Next Phase Plan (Decisions #36-#40)

  1. Initialize new public repository skeleton (C/Rust/Go library directories, shared protocol spec, CI layout).
  2. Port current proven protocol/interop baseline (UDS_SEQPACKET + negotiation) into reusable library APIs.
  3. Implement Windows transport baseline and align handshake/auth semantics with POSIX.
  4. Build exhaustive test matrix per language (unit + integration + cross-language interop) with coverage gates.
  5. Build benchmark matrix automation for Linux and Windows role combinations on GitHub-hosted cloud VMs and publish machine-readable artifacts.
  6. Add benchmark noise controls for cloud VMs:
    • run each benchmark scenario in multiple repetitions (for example 5)
    • report median plus spread (p95 of run-to-run throughput/latency)
    • capture runner metadata (OS image, vCPU model, memory, kernel/build info)
    • compare combinations primarily by relative ranking, not single-run absolute numbers
  7. Freeze acceptance criteria (coverage gate + benchmark sanity gate) before any Netdata integration work.
  8. Verify the actual Netdata runtime auth environment contract (NETDATA_INVOCATION_ID or replacement) in the Agent codebase and align the IPC handshake implementation with it.
  9. Produce benchmark evidence for acceptance review and use that review to decide whether the standalone repo is ready to integrate into Netdata.

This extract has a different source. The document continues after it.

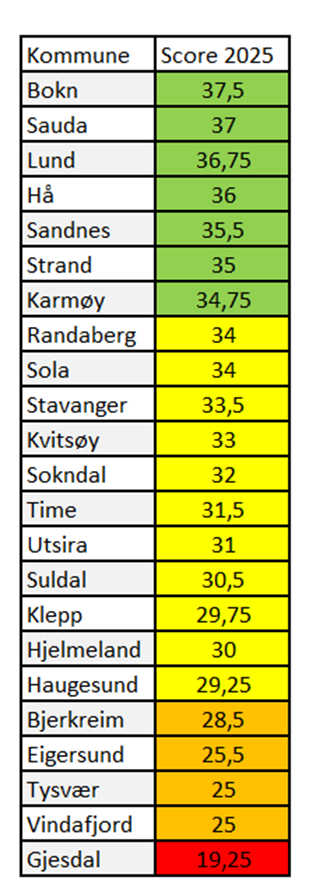 I år er det ingen kommunar som ligg i mørkegrøn sone. Sju kommunar ligg i lysegrøn sone, fire i oransje sone og éin kommune i raud sone. Til samanlikning var det i 2024 tre kommunar i mørkegrøn sone og éin i mørkeraud sone.
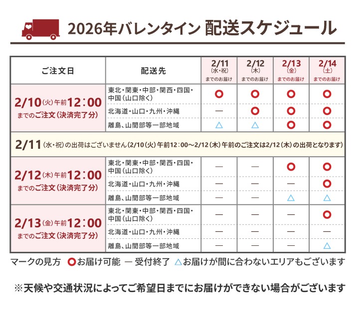 バレンタインの準備は進んでおりますでしょうか。 2/14バレンタインのお届けについて、各地域の配送スケジュールをお知らせいたします。

Risks / Constraints In This Phase

  • Fact: Current benchmark shared-memory transport is embedded in a benchmark executable and not yet a standalone reusable library.
  • Fact: A full production-ready cross-language shared-memory transport API (with lifecycle, reconnect, multi-client fairness, and auth handshake) is larger than this phase.
  • Working constraint for this phase:
    • Prioritize protocol/schema interoperability and a minimal C transport API suitable for iterative hardening.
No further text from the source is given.